I understand the need to take training seriously, and the need for professional dress and appearance, in order to maintain unit cohesion and a level of competence. However, speaking as the wife of a (now-former) national guardsman, part of the reason that the troops are inattentive and shabby is because at least for us the armed forces, and the national guard in particular, are inefficiently run. This is merely our experience, and not indicative of the whole culture. However, most weekends, my husband and his colleagues would arrive, go through inspection, and then sit around for 4 or 5 hours while someone tried to figure out what they were supposed to be doing. For men and women who come from the civilian world where that kind of disorganization would result in firing, it’s difficult to respect the system.
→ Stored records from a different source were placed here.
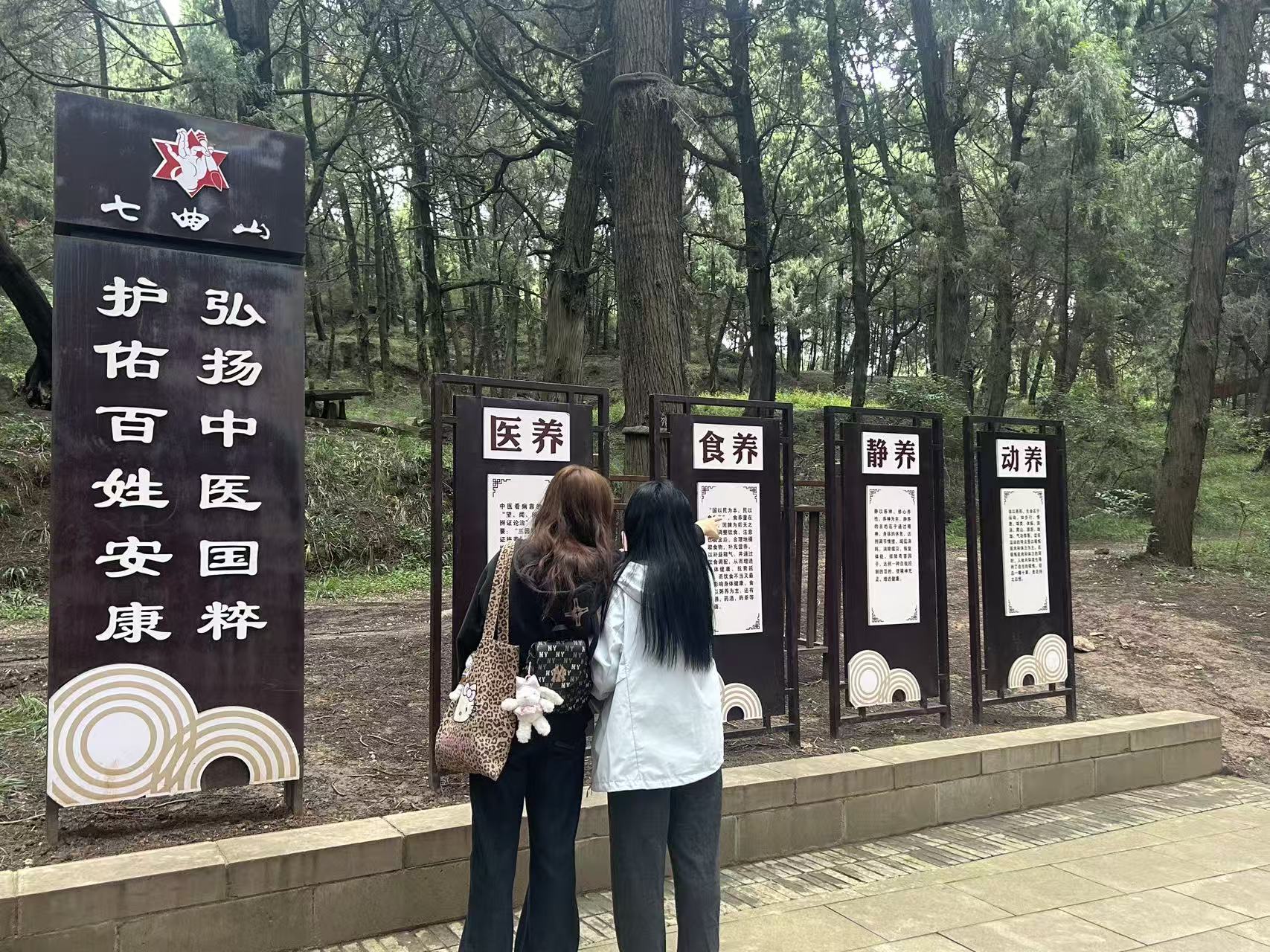 上午抵达七曲山,康养步道成为同学们的“实景课堂”。漫步于葱郁林海间,清新空气与厚重文脉交融,同学们沉浸式感受森林生态的康养价值。大家驻足步道旁的科普牌前,将课堂所学的健康养老理论与森林植被、生态环境、传统康养设施等实景结合,细致记录生态环境数据,体验传统康养器械,从生态、人文、实操等多维度拓展对康养服务场景的认知边界。
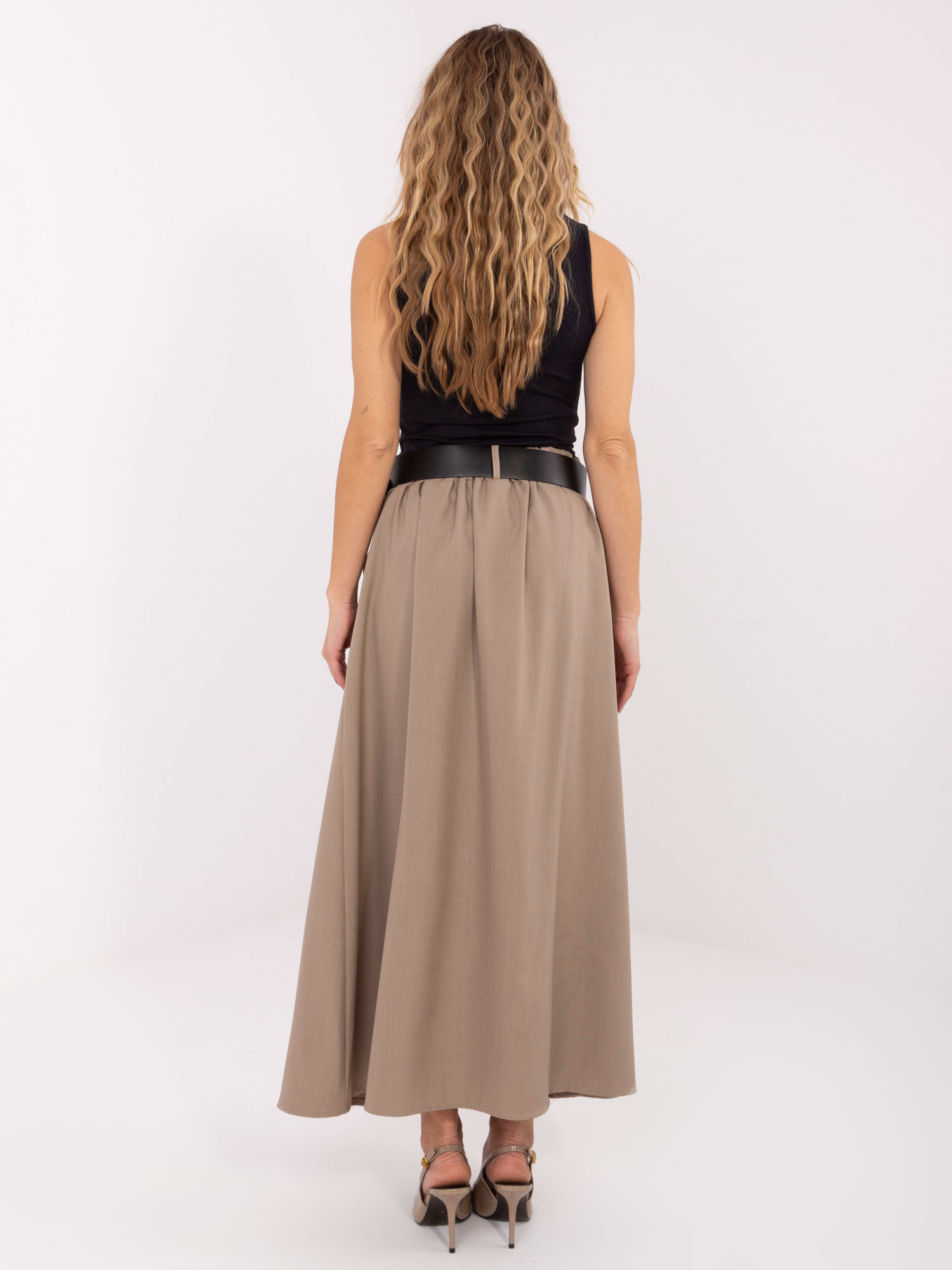Ez az elegáns megjelenésű, maxi hosszúságú szoknya kifinomult és nőies darab, amely kiválóan alkalmas hétköznapi viseletre, munkába vagy akár elegánsabb alkalmakra is. A letisztult, egyszínű kialakítás időtálló stílust képvisel, a világossárga árnyalat friss és üde megjelenést kölcsönöz. A deréknál elhelyezett öv szépen hangsúlyozza az alakot, míg az oldalzsebek praktikus részletként növelik a komfortérzetet. A maxi hossz elegáns esést biztosít, a rugalmas anyagösszetétel pedig kényelmes viseletet nyújt egész nap.
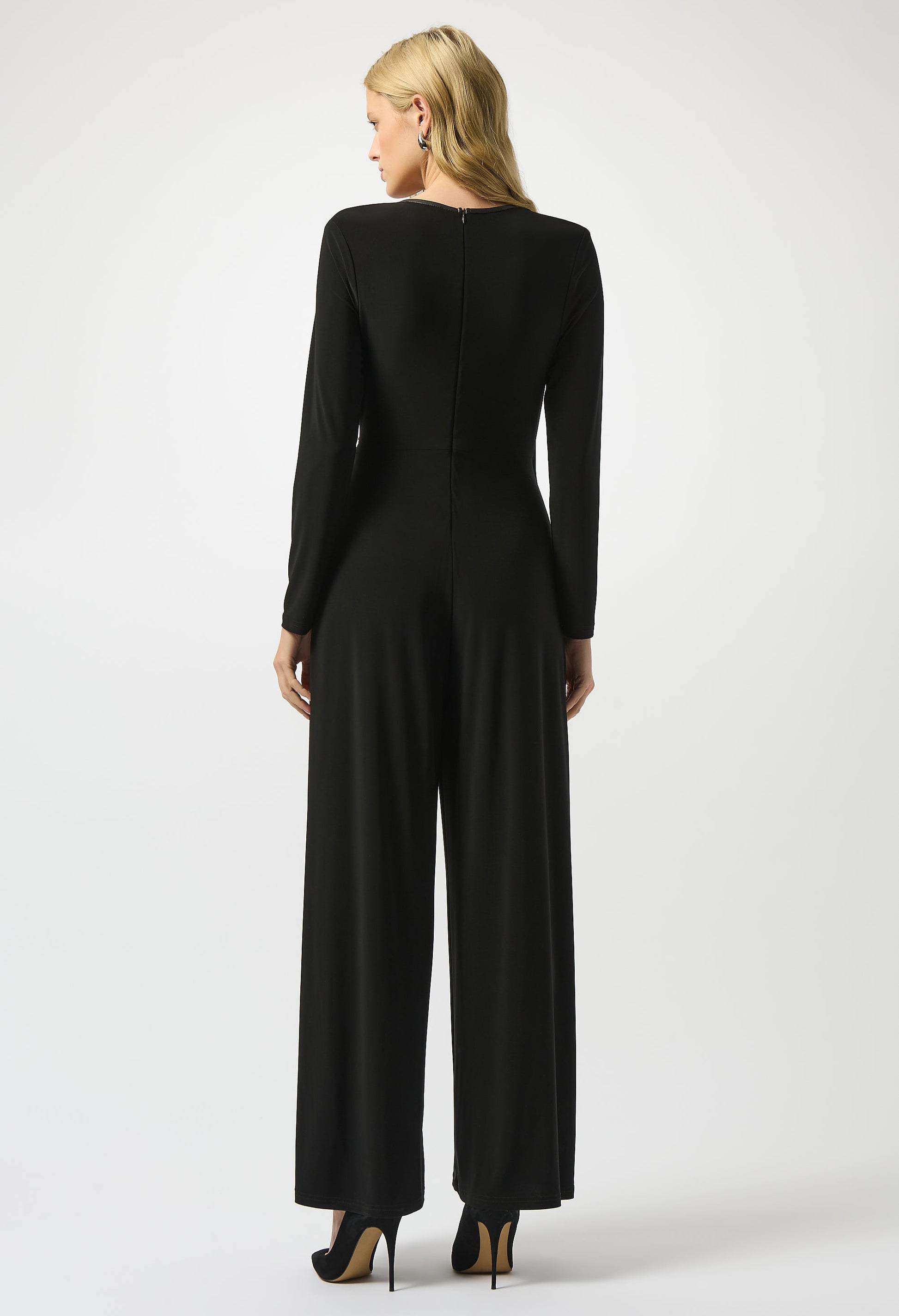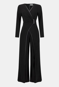 Step into sophistication with this full-length jumpsuit from Joseph Ribkoff. Designed with a flattering V-neck and long, straight sleeves, it exudes an elegant, sexy, and feminine style. Perfect for formal events or a night out, its belted waist and convenient zipper add both functionality and flair. Make a statement with this exquisite piece that seamlessly combines comfort and glamour.
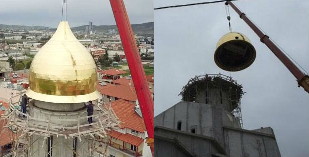 Πριν τη λειτουργία της Τετάρτης (21/3), ένας τεράστιος τρούλος ρώσικης τεχνοτροπίας, επίχρυσος, βάρους 2 τόνων τοποθετήθηκε στην κορυφή της εκκλησίας, ενώ αμέσως μετά πάνω από τον τρούλο μπήκε κι ένας επίσης τεράστιος, επίχρυσος σταυρός.
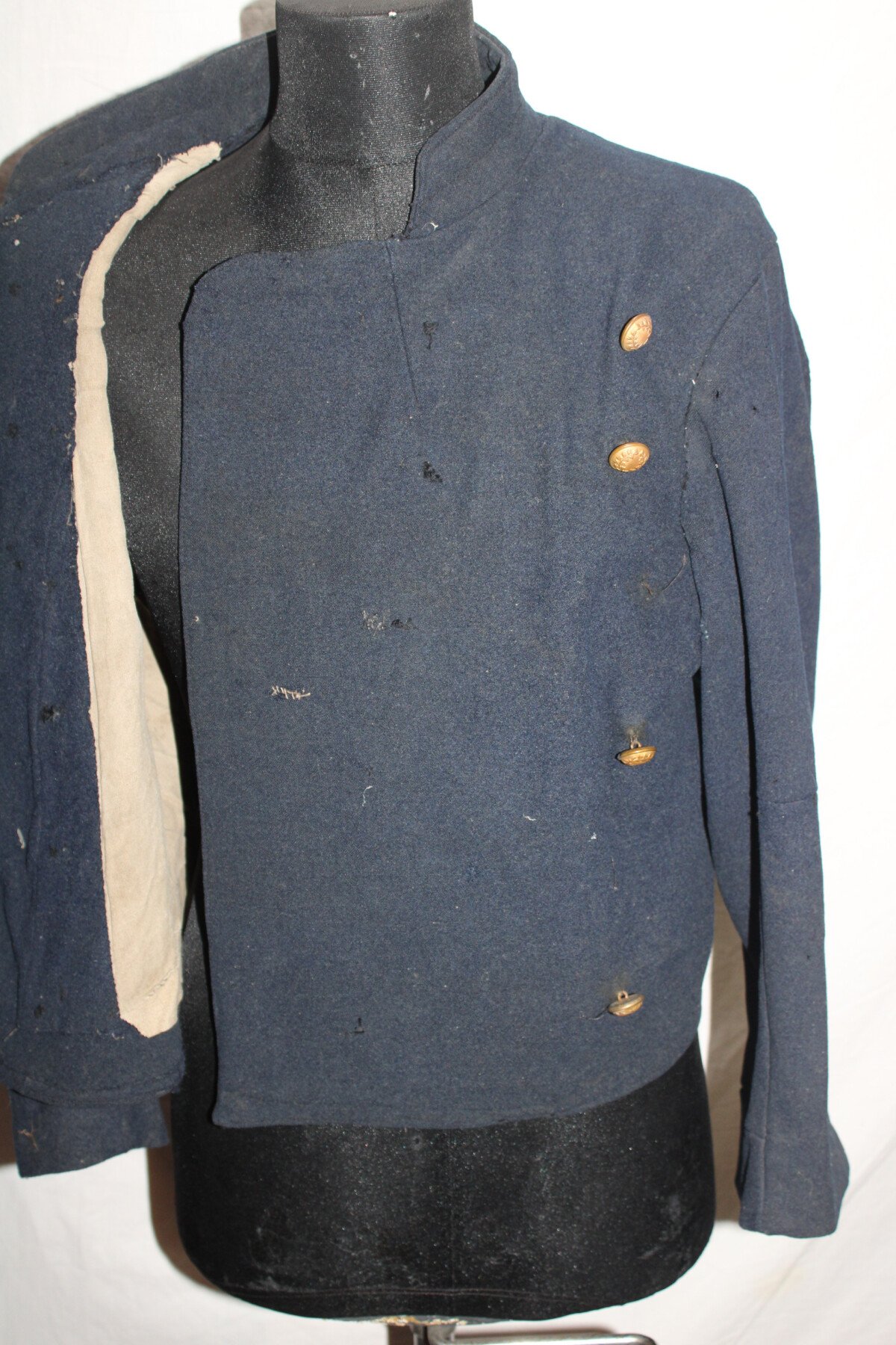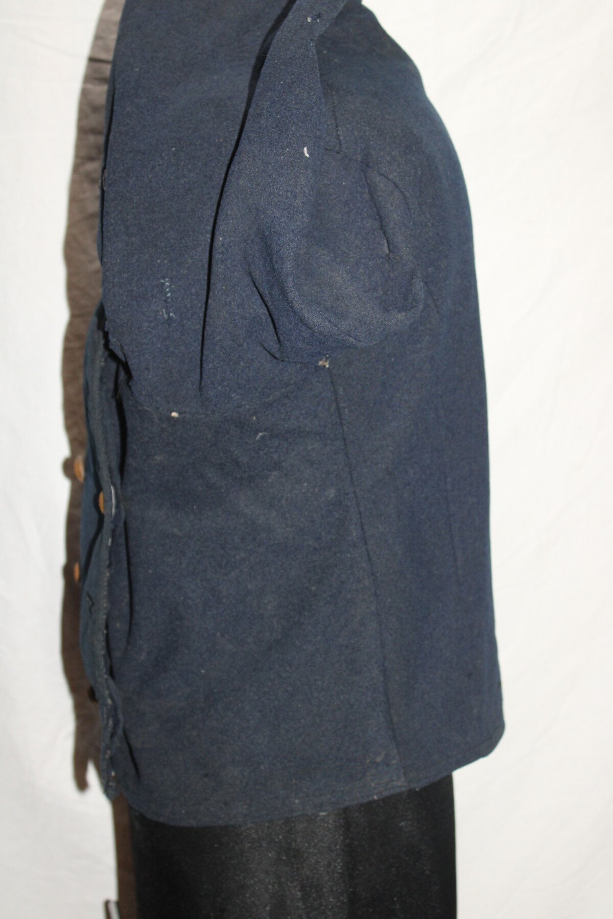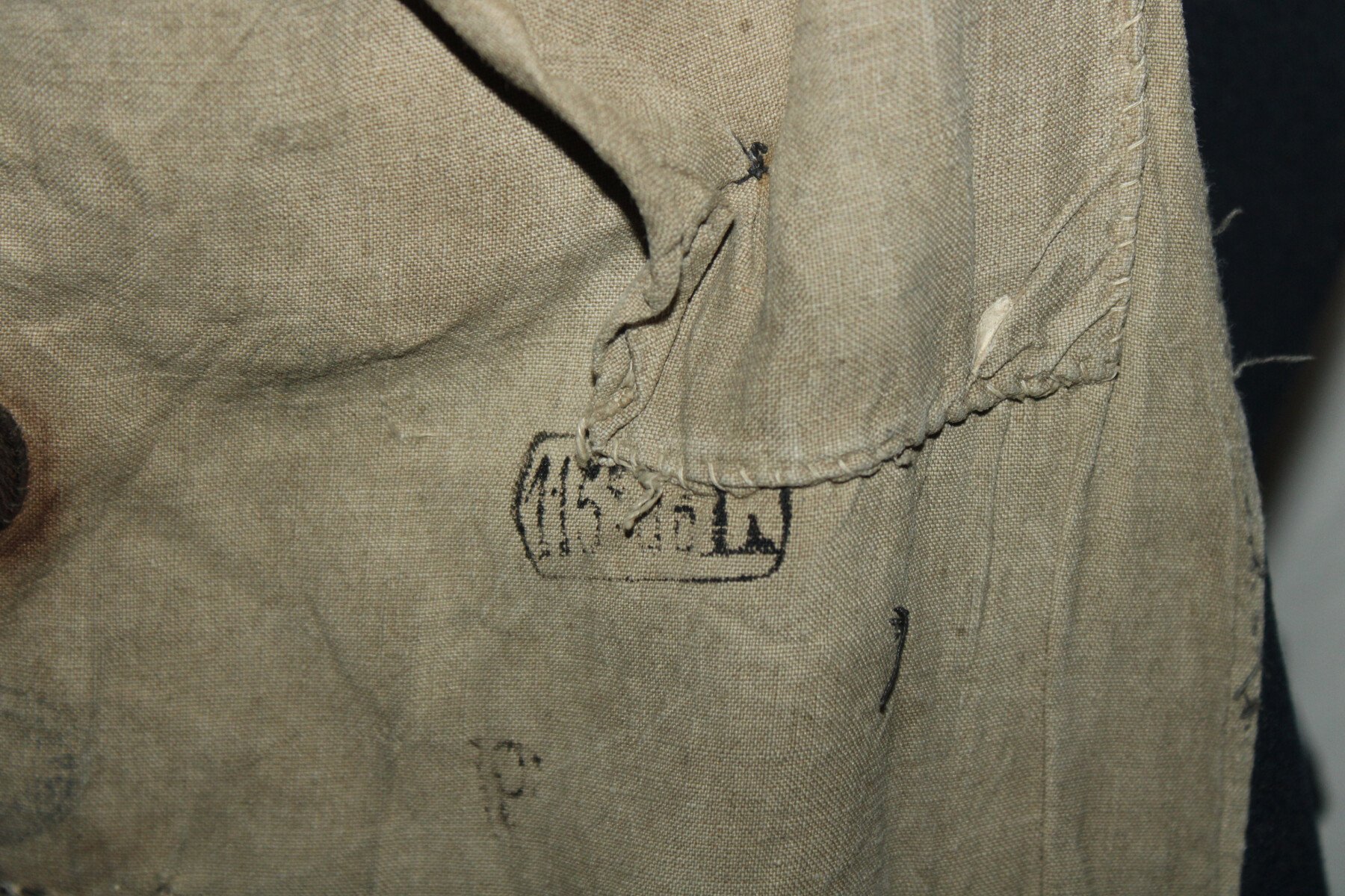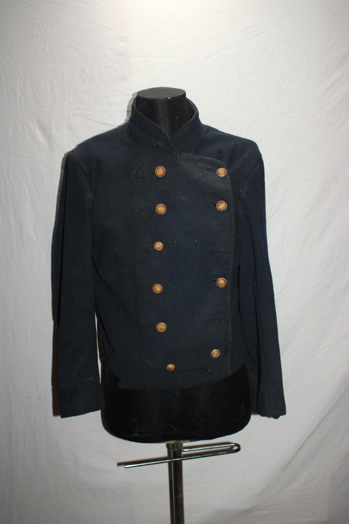 Veste dite “Ras de cul” croisé. Tampon de date peu lisible, régimenté 115e de Ligne. Boutons dorée. Nombreux réparation et léchures de mite. Passants de ceinturon démonté. Taille: largeur...

Now, before anyone jumps down my throat about this, I totally respect what the Guard does, and I—mostly——willingly gave up my husband for the year of his deployment. However, there has got to be a more efficient way of doing things. Even the Family Resource meetings were poorly organized, overly repetitive, and usually unhelpful.

Regarding the OP’s idea of requiring inattentive members to take the training on their own time, it seems like it would work to me. Many of the training sessions my husband went through during regular weekends and before their deployment were just a series of powerpoint slides, which he could have gone through more thoroughly and efficiently on his own time. I feel like the weekend time should be devoted to hands-on exercises that need to be done as a group, rather than lectures that could be read through on one’s own.

CaptainHarley's avatar

That’s why the military still uses Article 15, non-judicial punishment.